My daughter (the family vegetarian) had some kind of stomach virus a few days ago, but she knew I was making vegetarian Indian food this evening and she said "You know, I'm not feeling 100%, can you make it on the bland side." I had already put plenty of cayenne in the eggplant, so I toned down the dal and the green beans. The beans are not usually spicy, and, ok, the moong dal wasn't spectacular, but it was good, inexpensive, healthy protein. And I am sure that it did her digestive system no violence.
However, I did also make an eggplant dish that I have had in a number of Indian restaurants over the years, first and best in Deva's in Connaught Place in New Delhi, and and it was definitely not bland. At least my wife appreciated it. Usually it is made with the small eggplants and I didn't see any in the market, so I cut up a big one. I adapted the method from Julie Sahni's cookbook Moghul Microwave. Over the years, I have found that many of the recipes in the book actually do better on the stove than in the zapper, but a few, especially eggplant (you can cook it to tenderness without having it break up), okra (when cooked uncovered with some acid it looses its sliminess), and some basmati rice pilafs (slow absorption of liquid by the starch, I think) are made for the microwave. Here is my recipe:
Southern Indian Eggplant with Peanut Sauce
- 1 large eggplant
- 2-4 tablespoons light sesame oil (i.e. not the dark East Asian kind)
- 1 teaspoon cumin
- 2 teaspoons paprika
- 1/2 teaspoon salt
- 1/4 teaspoon turmeric
- 1/4- 2 teaspoons cayenne, to taste
- 1/4 cup roasted, unsalted peanuts
- 1/2 of a can of coconut milk (I used light and it was fine
- 2 tablespoons tamarind paste (if using concentrate, try 1/2 teaspoon mixed with 2 tablespoons water
- 1 teaspoon mustard seeds
- 1 teaspoon urad dal
- 1 teaspoon chana dal
- 1/4 teaspoon hing (asafoetida)
- 10-15 curry leaves, if available
- 1 or more thinly sliced green chilies
- 1 inch piece peeled ginger, chopped fine
- Slice the eggplant in quarters lengthwise, and then cut into 1/2 inch slices.
- Mix together the cumin, paprika, salt, turmeric and cayenne.
- Toss eggplant with 1 tablespoon of oil, or spray with vegetable oil spray, and then sprinkle with the mixed spices and toss to coat.
- Heat 1 tablespoon oil in a microwave safe casserole in the microwave on high for two minutes.
- Remove from the oven and put in the eggplant and spices and toss with the hot oil. Cover, return to the microwave, and cook on high for 4 minutes.

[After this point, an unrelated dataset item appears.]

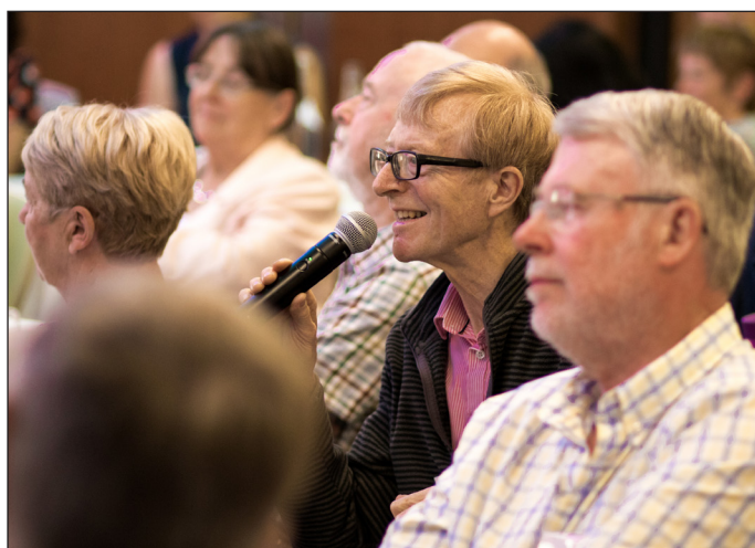
Delegates during the question and answer session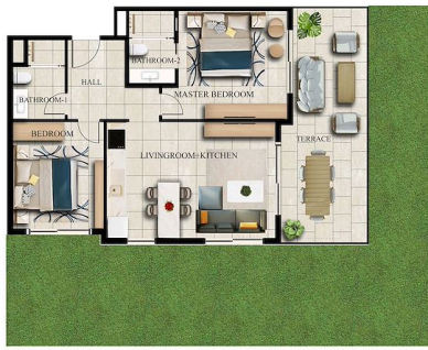
GARDEN FLOOR x 2

- Meanwhile, grind the peanuts to a powder in a spice grinder, blender, or mini chopper -- don't make it into a paste. Mix with the coconut milk and tamarind.
- Remove the eggplant, add the liquid mixture, cover, return to the microwave and cook on high for 4 more minutes or until tender.

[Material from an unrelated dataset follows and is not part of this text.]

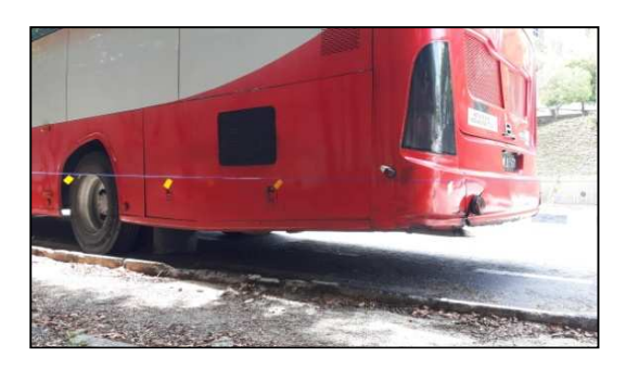
Figure 5: Damages mark on the left rear side of a 12-metre bus.

bus body caused by rear swing out of a normal 12metre bus. Therefore, allowing a single rigid, long buses of 15-metre to operate in Malaysia may require the drivers to undergo a special training.

- Make the tadka: Heat the remaining oil in a small skillet. When hot, add the mustard seeds, and when they pop, add the urad and chana dal. Cook until the urad dal just begins to brown.

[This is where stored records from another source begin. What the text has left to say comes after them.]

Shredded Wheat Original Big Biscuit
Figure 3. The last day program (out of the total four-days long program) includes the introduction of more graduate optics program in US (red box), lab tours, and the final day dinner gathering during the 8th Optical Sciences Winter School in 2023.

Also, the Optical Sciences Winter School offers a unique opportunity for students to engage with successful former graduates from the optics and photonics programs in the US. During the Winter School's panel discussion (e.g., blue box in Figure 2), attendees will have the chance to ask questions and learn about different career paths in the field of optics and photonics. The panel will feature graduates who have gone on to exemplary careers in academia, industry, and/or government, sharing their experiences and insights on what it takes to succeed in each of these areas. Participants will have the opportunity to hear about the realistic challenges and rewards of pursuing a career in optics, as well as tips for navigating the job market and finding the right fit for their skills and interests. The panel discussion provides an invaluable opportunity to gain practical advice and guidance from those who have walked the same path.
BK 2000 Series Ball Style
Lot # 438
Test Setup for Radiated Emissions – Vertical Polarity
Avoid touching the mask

- Add the hing, cook a few seconds, and add the chili and ginger. Cook a minute and then pour the mixture on top of the eggplant and serve.
An easier version: Skip the tadka and just garnish with chopped peanuts, roasted sesame seeds, and chopped coriander. But the tadka is really nice.
Variations: You can do lots with eggplant this way. Sahni just cooks onions with the eggplant and spices from the beginning, and then adds tamarind. Almost any sauce will do. I make a distant cousin of "balado terong," or Indonesian eggplant in a sambal, a red chili sauce. Make the chili sauce by pureeing a sweet red pepper, some hot fresh red peppers (keep the seeds in for heat, unless your daughter tells you to make it "bland"-- green will do in a pinch), a few shallots and a few cloves of garlic. Heat oil in a nonstick skillet and cook it down a bit until it no longer smells raw. Cook eggplant as above, but without the spices, for 4 minutes, add the sauce and cook 4 minutes more. Play around with this. Just don't make it bland.